DATA SUPPLIED:
◇ ◇ ◇ ◇

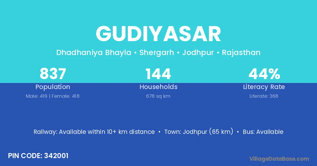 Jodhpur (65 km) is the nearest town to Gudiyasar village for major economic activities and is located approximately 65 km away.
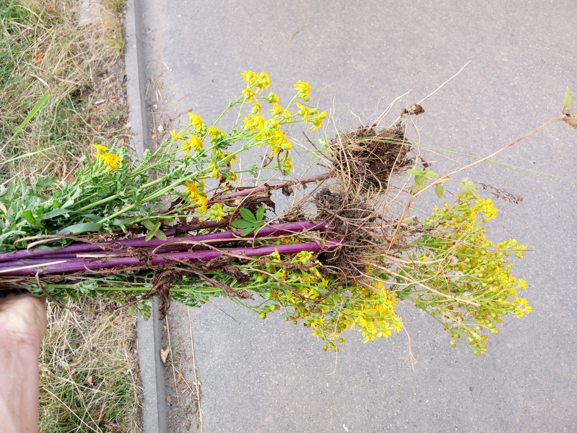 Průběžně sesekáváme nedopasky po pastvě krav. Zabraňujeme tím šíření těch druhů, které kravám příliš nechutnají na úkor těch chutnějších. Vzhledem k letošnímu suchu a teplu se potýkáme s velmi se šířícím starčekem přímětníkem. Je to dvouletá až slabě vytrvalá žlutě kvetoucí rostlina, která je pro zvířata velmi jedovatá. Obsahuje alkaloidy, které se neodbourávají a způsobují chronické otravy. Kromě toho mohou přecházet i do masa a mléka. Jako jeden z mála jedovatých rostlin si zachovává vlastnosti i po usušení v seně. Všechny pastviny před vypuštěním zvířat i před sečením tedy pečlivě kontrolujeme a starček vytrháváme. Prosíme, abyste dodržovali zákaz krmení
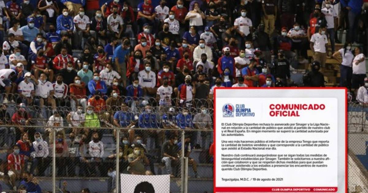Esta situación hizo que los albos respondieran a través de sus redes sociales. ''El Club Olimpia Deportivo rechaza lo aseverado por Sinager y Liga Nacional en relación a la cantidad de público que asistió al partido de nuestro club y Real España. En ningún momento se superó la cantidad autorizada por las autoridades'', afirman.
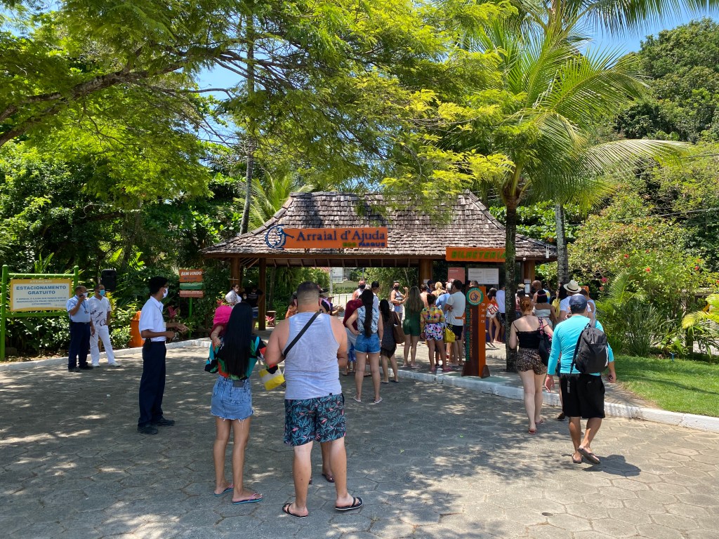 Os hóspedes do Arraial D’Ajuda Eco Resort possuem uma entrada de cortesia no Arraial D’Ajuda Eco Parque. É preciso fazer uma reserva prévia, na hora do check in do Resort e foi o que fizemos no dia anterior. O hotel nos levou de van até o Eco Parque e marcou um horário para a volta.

◇ ◇ ◇ ◇

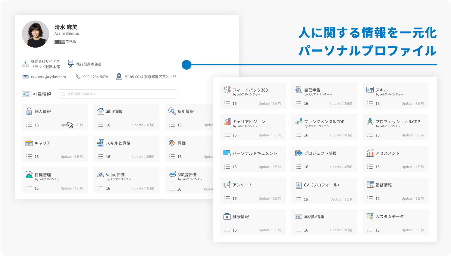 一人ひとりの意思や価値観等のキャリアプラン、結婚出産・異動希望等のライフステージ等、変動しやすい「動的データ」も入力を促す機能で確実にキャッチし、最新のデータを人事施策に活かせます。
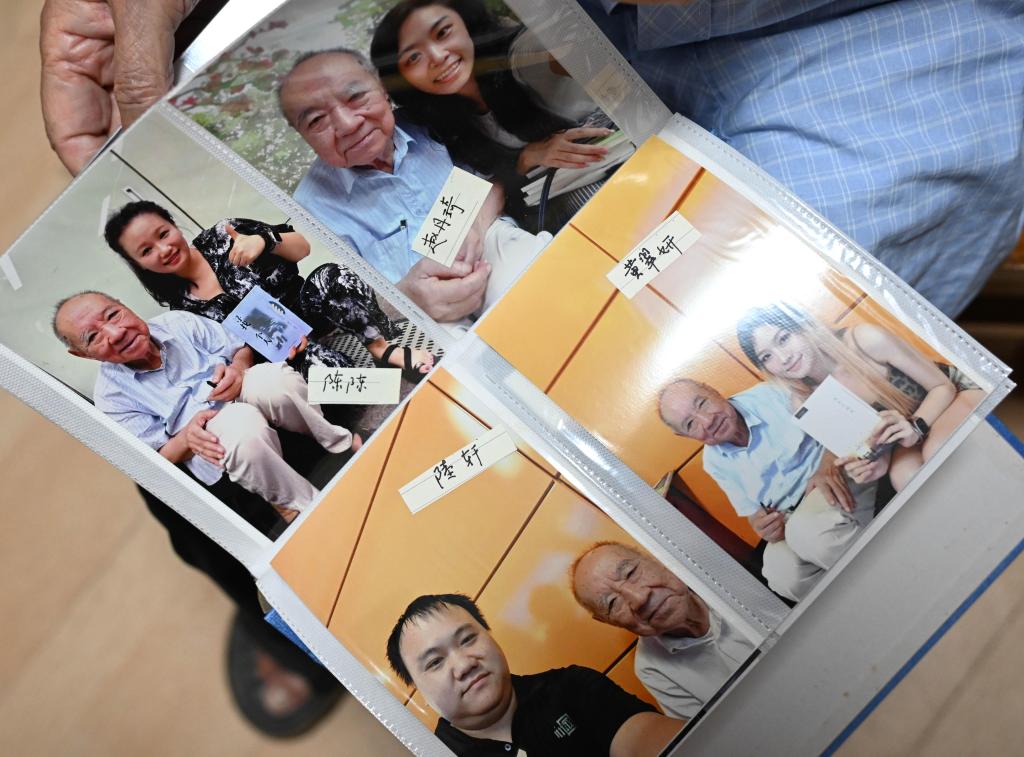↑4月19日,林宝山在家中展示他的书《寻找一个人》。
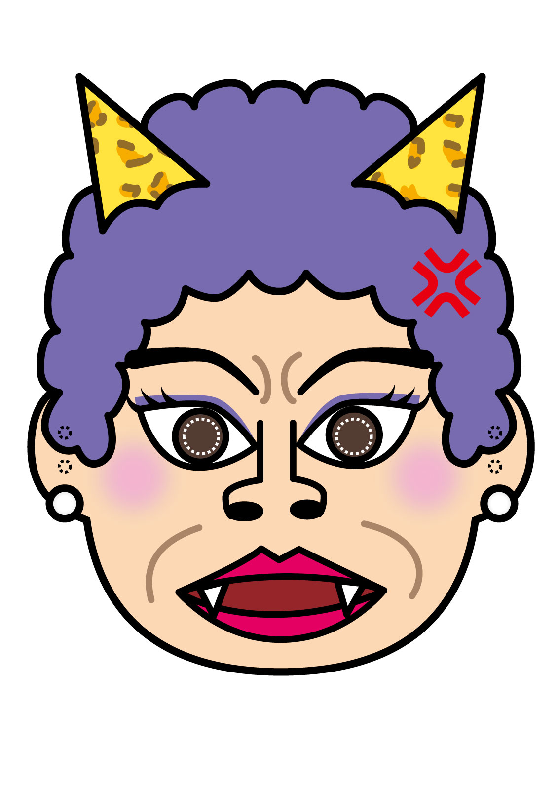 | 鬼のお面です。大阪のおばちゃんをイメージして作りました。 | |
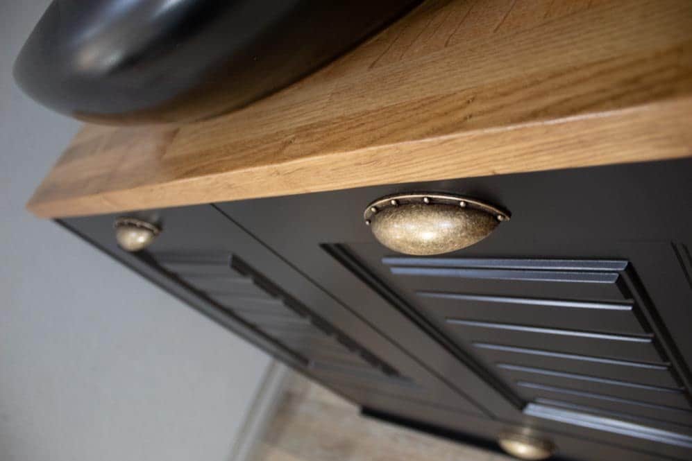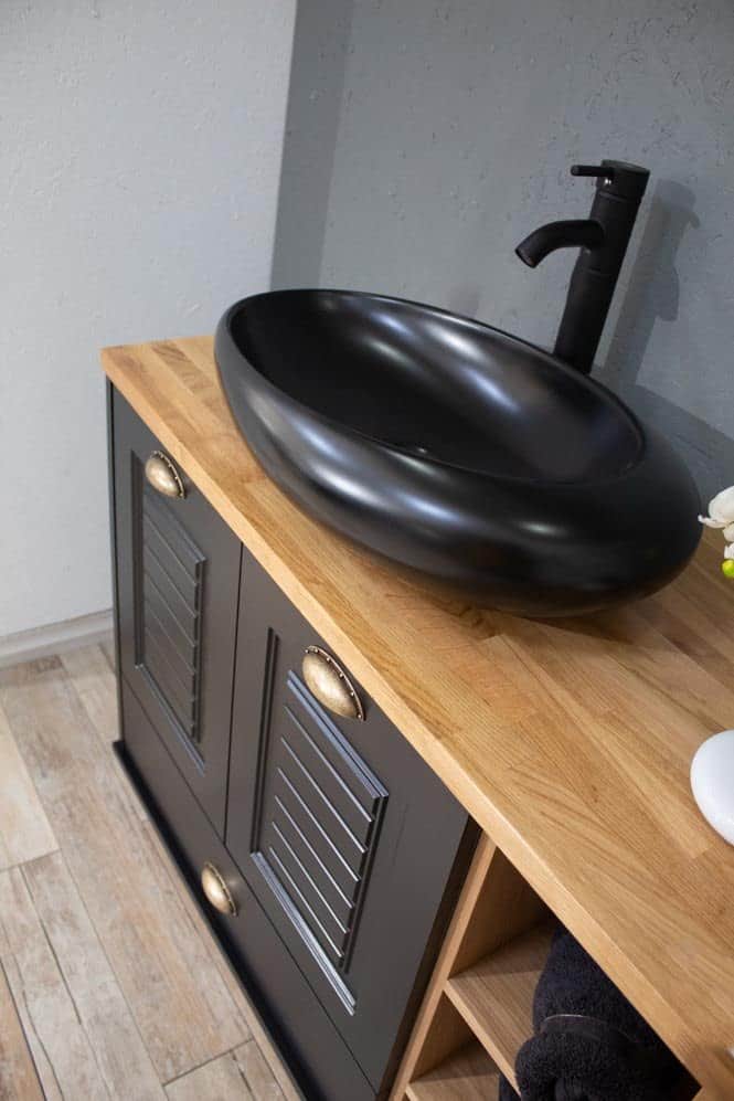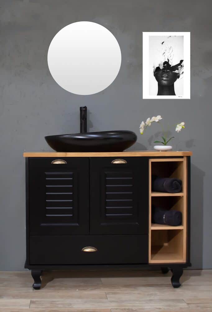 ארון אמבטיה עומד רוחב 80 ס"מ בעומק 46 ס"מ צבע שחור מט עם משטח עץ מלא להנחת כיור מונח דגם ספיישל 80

◇ ◇ ◇ ◇

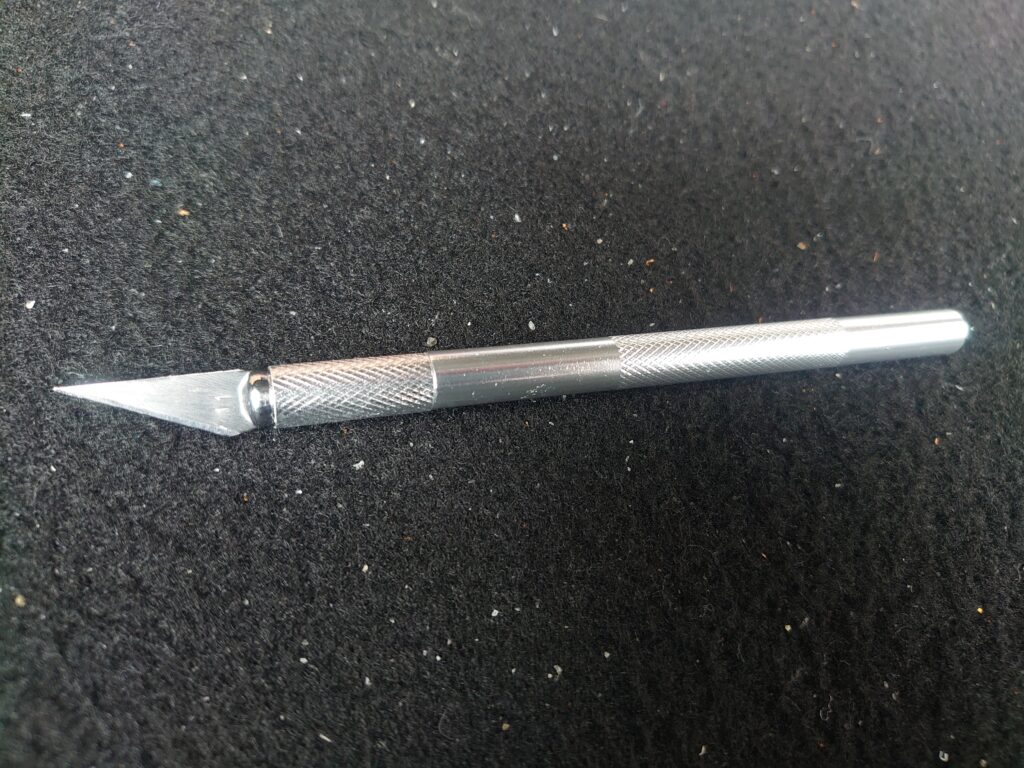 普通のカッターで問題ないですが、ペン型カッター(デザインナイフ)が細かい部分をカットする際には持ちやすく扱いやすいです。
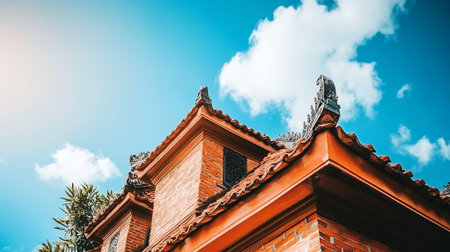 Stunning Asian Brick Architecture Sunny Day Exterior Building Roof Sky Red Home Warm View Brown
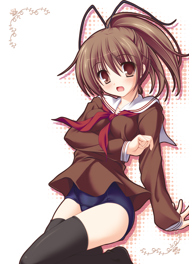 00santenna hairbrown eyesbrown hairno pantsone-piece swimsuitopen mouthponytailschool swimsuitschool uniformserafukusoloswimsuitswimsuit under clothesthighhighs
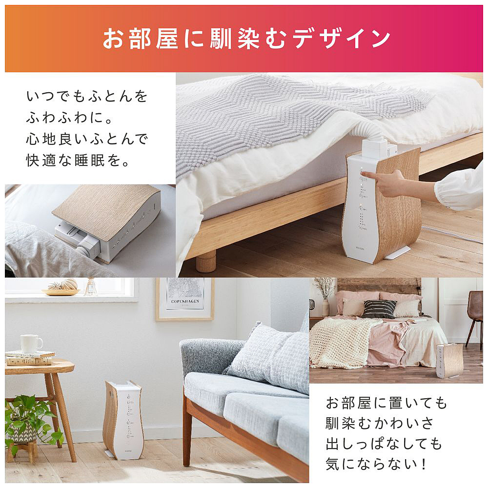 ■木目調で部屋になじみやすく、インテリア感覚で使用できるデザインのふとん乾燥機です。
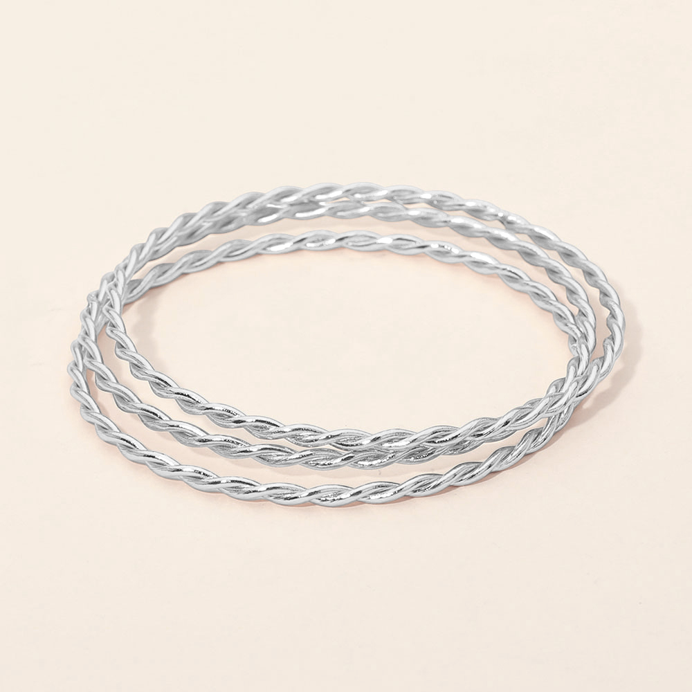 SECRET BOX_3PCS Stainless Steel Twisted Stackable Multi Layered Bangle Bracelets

◇ ◇ ◇ ◇

DIRECTIONS: The expected output is the lines above from the one containing "一人ひとりの意思や価値観等の" to the one containing "ארון אמבטיה עומד", both ends included, reproduced exactly with every picture left out.

OUTPUT BELOW:
 一人ひとりの意思や価値観等のキャリアプラン、結婚出産・異動希望等のライフステージ等、変動しやすい「動的データ」も入力を促す機能で確実にキャッチし、最新のデータを人事施策に活かせます。
↑4月19日,林宝山在家中展示他的书《寻找一个人》。
 | 鬼のお面です。大阪のおばちゃんをイメージして作りました。 | |
 ארון אמבטיה עומד רוחב 80 ס"מ בעומק 46 ס"מ צבע שחור מט עם משטח עץ מלא להנחת כיור מונח דגם ספיישל 80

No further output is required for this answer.